TALK of energy suppliers and con tricks, and the assumption might be that the Big Six have been indulging in a reputation-shredding episode of doorstep mis-selling.
Directors have been preoccupied for weeks with prising Iain Conn, the long-serving BP manager, away from the oil giant, and into the chief executive’s role to be vacated by Sam Laidlaw.
Conn would be an obvious choice for the job. His demeanour and vast experience of the industry would make his a credible voice in public and in the boardroom amid an ongoing fracas over energy prices.
Talks have been going on for months, and both Centrica and Conn are said to want the appointment to happen – so why the hold-up?
The answer lies at least partly in approximately £16m of unvested share options on which Conn is sitting following nearly three decades at BP.
It is unsurprising if Conn wants reassurance about Centrica’s willingness to compensate him for those options, although sources say that the £16m is a maximum payout based on future performance rather than a guaranteed windfall.
Equally, the owner of British Gas must be nervous about awarding a substantial golden hello at the same time that it (along with rivals) faces criticism for not passing on falling wholesale gas costs to customers.
But Centrica directors should not lose sight of their responsibilities.
If they believe that Conn is the right person to lead the company, a row over a few million pounds’ worth of share options should not deter them.
If it does, it will be their shareholders who are the victims of a con trick.
HAPPY RETURN TO SMALL DEAL TEAMS
It has its own horde of Mounties, but even the geekiest of technology company followers would not try to claim that the IT training firm FDM is the most prominent of this year’s flotations.
However, it would be remiss of City bankers and institutional investors to overlook the £240m fundraising announced by FDM earlier this week.
Three years after senior Blackrock executives complained about the size of IPO syndicates and the lack of engagement with fund managers, the evidence of this year’s listings wave is that little has changed.
Many have been characterised by typically oversized bank lists which can stifle independent research and often command usurious fees for taking little real risk.
FDM might therefore provide an important template, particularly for mid-market share sales.
One bank – in this case, Investec – ran the whole show, securing an exit for Inflexion, FDM’s private equity owner since 2010.

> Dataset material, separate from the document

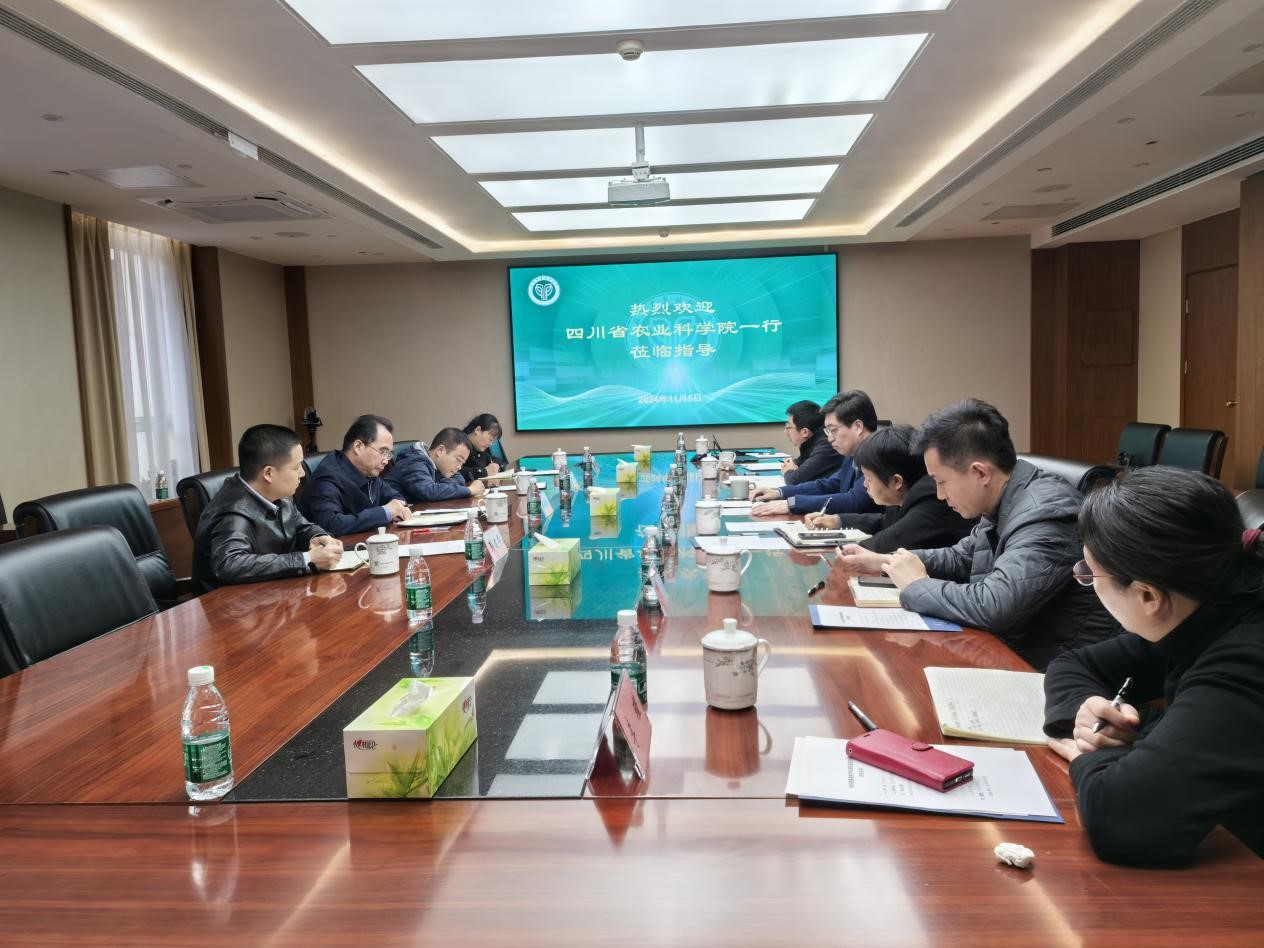 近日,四川省农业科学院党委书记、院长牟锦毅一行4人到皇家娱乐城 对农业科技创新与成果转化进行交流。党组副书记、院长燕继晔,党组成员、副院长张峻峰出席座谈会,院科研处、成果转化与推广处、信息中心等部门负责同志参加。

Investors (who are understood to include Blackrock, JO Hambro and Threadneedle) say they bought in partly because there was less chance of them being disappointed by the allocation process.
And there was less of the blurred messaging that frequently stems from bookrunners vying for attention on a deal.
A single-bank approach may be less likely to work on, say, a £1bn fundraising. But FDM’s float suggests it should be deployed less sparingly than it is now.
PRIVATE EQUITY COULD PARK RAC FLOAT
Like buses, you wait ages for a breakdown recovery firm to arrive on the stock market, then two – the AA and the RAC, the market leaders by revenues – turn up at once.
I’m not convinced, though, that the RAC will make it to the public markets. Sources suggest that there has been interest from private equity firms wanting to exploit its nascent growth in telematics and big data, and heavy recent investment under Carlyle’s ownership.
The RAC’s float might yet get parked.